Gulick is careful to recognize that these modes of organization can often cross, forming a complex and interrelated organizational structure where organizations like schools will include workers and professionals not in the field of education such as doctors or nurses, janitors, secretaries, police departments might include non-police professionals, a shoe department including buyers as well as salespeople, etc.
Under Coordination, Gulick notes that two methods can be used to achieve coordination of divided labor. The first is by organization, or placing workers under managers who coordinate their efforts. The second is by dominance of an idea, where a clear idea of what needs to be done is developed in each worker, and each worker fits their work to the needs of the whole. Gulick notes that these two ideas are not mutually exclusive, and that most enterprises function best when both are utilized.

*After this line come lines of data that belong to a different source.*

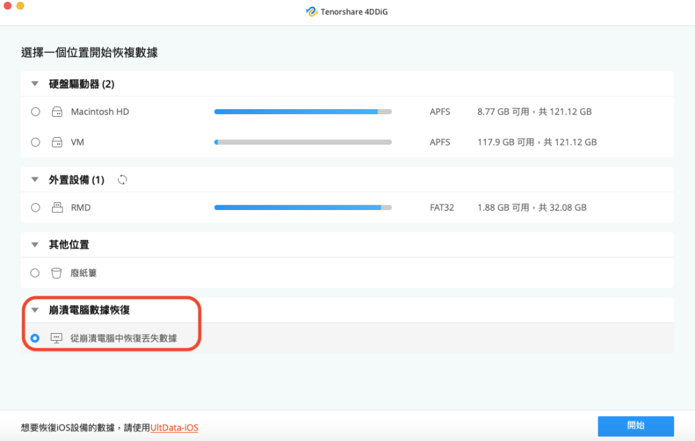 請準備另一台正常運作的電腦並下載「4DDiG」,安裝完成後,點擊頁面下方【從崩潰電腦中恢復丟失數據】選項,接著點擊【開始】。
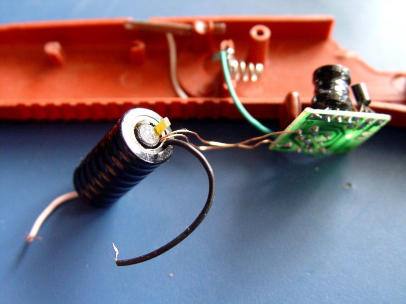 A nyákon van egy ferritmagos trafó az oszcillátorhoz, a nagy fekete alkatrész az osztott tekercstestes nagyfesztrafó, a pár menetes lakkszigetelésű prímer vezeték a kb. 5 mm-es átmérőjű ferritrúd magra van tekerve, és az így van a tekercstestbe bedugva, egy rögzítő gumiszalaggal.
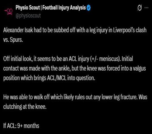 來到利物浦之后,伊薩克在所有比賽中僅打進三球,并且在本賽季早些時候因腹股溝問題缺席了一段時間?,F(xiàn)如今,伊薩克再次遭遇膝蓋重傷,也讓他的賽季前景蒙上了一層陰影。若如足球傷病分析博主Physio Scout所言,伊薩克很可能已經(jīng)提前賽季報銷。
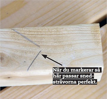 Kapa snedsträvor. Snedsträvorna görs av 45 x 45 mm reglar och sågas spetsiga i båda ändar. Håll fast snedsträvan med tving och markera både upp- och nertill. Då passar de perfekt.
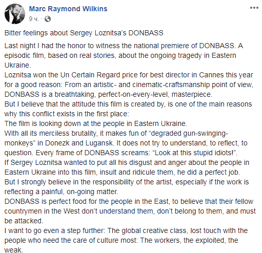 "Со всей своей беспощадной жестокостью он высмеивает "деградировавших обезьян с гранатами" в Донецке и Луганске. Он не пытается понять, задуматься, подвергнуть сомнению. Каждый кадр фильма Донбасс кричит "Посмотрите на этих глупых идиотов!", пишет у себя в Facebook режиссер режиссер Марк Рэймонд Уилкинс, который был горд оказанной ему честью побывать на национальной премьере нашумевшего фильма.
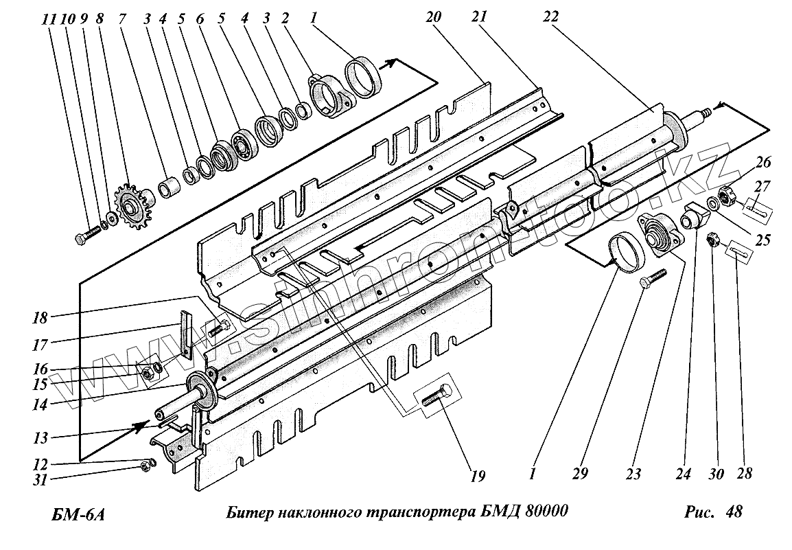 Каталог запасных частей к технике: ТеКЗ БМ-6А (2005). Битер наклонного транспортера (БМД80080)

Gulick notes that any manager will have a finite amount of time and energy, and discusses span of control under coordination. Drawing heavily from military organizational theory and the work of V. A. Graicunas,Sir Ian Hamilton, and Henri Fayol, Gulick notes that the number of subordinates that can be handled under any single manager will depend on factors such as organizational stability, the specialization of the subordinates and whether their manager comes from the same field or specialty, and space. Gulick stops short of giving a definite number of subordinates that any one manager can control, but authors such as Sir Ian Hamilton and Lyndall Urwick have settled on numbers between three and six. Span of control was later expanded upon and defended in depth by Lyndall Urwick in his 1956 piece The Manager's Span of Control.
Also under coordination, as well as organization, Gulick emphasizes the theory of unity of command, that each worker should only have one direct superior so as to avoid confusion and inefficiency.

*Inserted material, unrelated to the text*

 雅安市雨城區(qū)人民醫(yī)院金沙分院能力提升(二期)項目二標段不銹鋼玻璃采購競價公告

Still another theory borrowed from military organizational theory, particularly Sir Ian Hamilton and Lyndall Urwick and brought to prominence in non-military management and public administration by Gulick and Urwick is the distinction between operational components of an organization, the do-ers, and coordinating, the coordinating components of an organization who do the knowing, thinking, and planning. In the military, this is divided between "line" and "staff" functions. Gulick gives the private-sector example of a holding company performing limited coordinating, planning, and finance functions, with subsidiary companies carrying out their work with extensive autonomy as it saw fit according to the parent company's overall direction.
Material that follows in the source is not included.